--- START ---

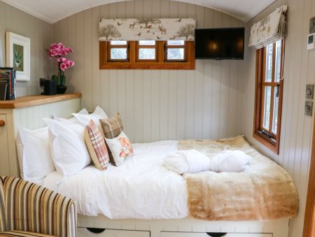 Little Silver Fox Silvery Grey in colour, this beautiful shepherdsâ hut sits midway within the orchard, perfectly positioned to enjoy the magnificent views of the valley below. Step inside to the studio style accommodation with luxury king size bed, seating area with foldaway table and kitchen fitted with Belling electric cooker and hob, Smeg fridge and wood burning stove. A shower room with walk in shower is situated at the far end and completes the accommodation.
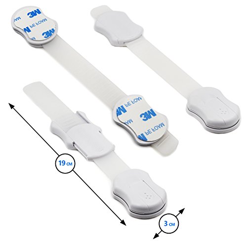 ★ Install the locks without drilling holes or the use of any tools ★ Simply attach the latches to a cupboard using the 3M adhesive tape ★ The durable strap fits a flat surfaces and corners ★ The adhesive is easy to remove and won't leave unsightly screw holes or glue marks ★ You can even reuse the latches with different furniture using the extra tape provided!
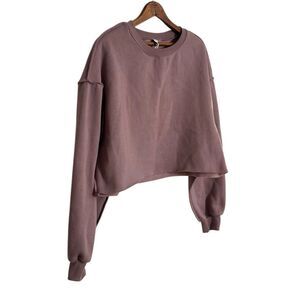 Amazhiyu NWT Cropped Fleece Long Sleeve Pullover Sweatshirt Dusty Plum Size XL

--- END ---

PROMPT — An unchanged copy of the listing, with no pictures, should be returned.

RESULT OF THE TASK —
 Little Silver Fox Silvery Grey in colour, this beautiful shepherdsâ hut sits midway within the orchard, perfectly positioned to enjoy the magnificent views of the valley below. Step inside to the studio style accommodation with luxury king size bed, seating area with foldaway table and kitchen fitted with Belling electric cooker and hob, Smeg fridge and wood burning stove. A shower room with walk in shower is situated at the far end and completes the accommodation.
 ★ Install the locks without drilling holes or the use of any tools ★ Simply attach the latches to a cupboard using the 3M adhesive tape ★ The durable strap fits a flat surfaces and corners ★ The adhesive is easy to remove and won't leave unsightly screw holes or glue marks ★ You can even reuse the latches with different furniture using the extra tape provided!
 Amazhiyu NWT Cropped Fleece Long Sleeve Pullover Sweatshirt Dusty Plum Size XL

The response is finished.